By turning off the head unit, do you mean turning off the cd player? I tried to turn the cd player off and on but didn't solve the problem.


----------



## yamato (Feb 11, 2003)

tommyd said:


> I think the biggest mistake i heard in this thread was that you tried to "force" this and "force" that... though it's probably natural for a guy to 'tinker' at mechanical things... it might not be the best course of action unless you actually know what you're doing...
> 
> It sounds like you had jammed something in the beginning that came loose later... i had a similar problem with my aftermarket alpine in-dash changer (early models)... i didn't tinker... but the thing had so many moving parts that something was going to give...


no, i didn't force the CD in when i tried to put it in at the beginning. I tried to slide it in just like normal.

After I realized this problem happened, I had to try forcing this and that hoping to get the problem fixed. I agree it is not appropriate but that's the last resort before bringing the car to the dealer.


----------



## xspeedy (Apr 10, 2003)

yamato said:


> By turning off the head unit, do you mean turning off the cd player? I tried to turn the cd player off and on but didn't solve the problem.

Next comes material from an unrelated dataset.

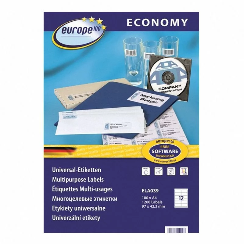 Etykiety, samoprzylepne Europe100 by Avery Zweckform ELA039 z linii Economy, kolor biały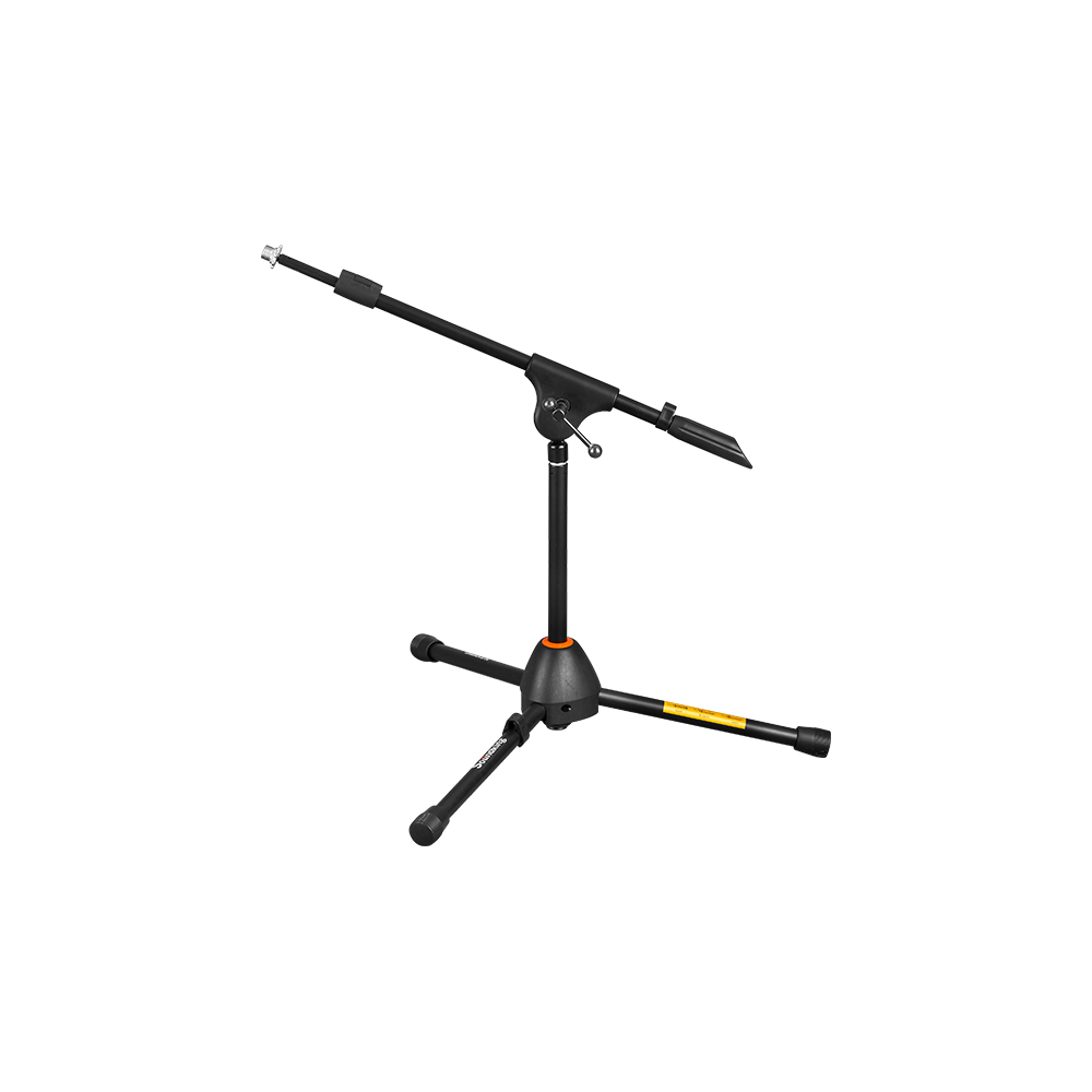 短款麥克風支架,底座部分采用無旋鈕方式鎖緊,可通過腳管的折疊角度控制將底座鎖緊。

Well, I'm not sure you can really completely turn off just the CD player. It is part of the head. I mean turning off the whole head unit - the radio and the CD...

I don't have a BMW, but in just about any head unit, there is a on/off button that completey turns the whole thing off. This is something that should always be tried, just because sometimes the electronics need to be reset. They can get confused and go into some weird endless cycle. So the power cycle helps to clear it up.


----------



## yamato (Feb 11, 2003)

xspeedy said:


> I mean turning off the whole head unit - the radio and the CD....


Yes, I did try that. No luck. The next thing I was thinking to try was to disconnect the battery but fortunately the problem was fixed.


----------



## Kaz (Dec 21, 2001)

In my experience it feels like there is a gate when there is already a CD inside. You'd really have to try and jam it in.

My radio had problems inserting/ejecting on its own without any help, and I just had it replaced.


----------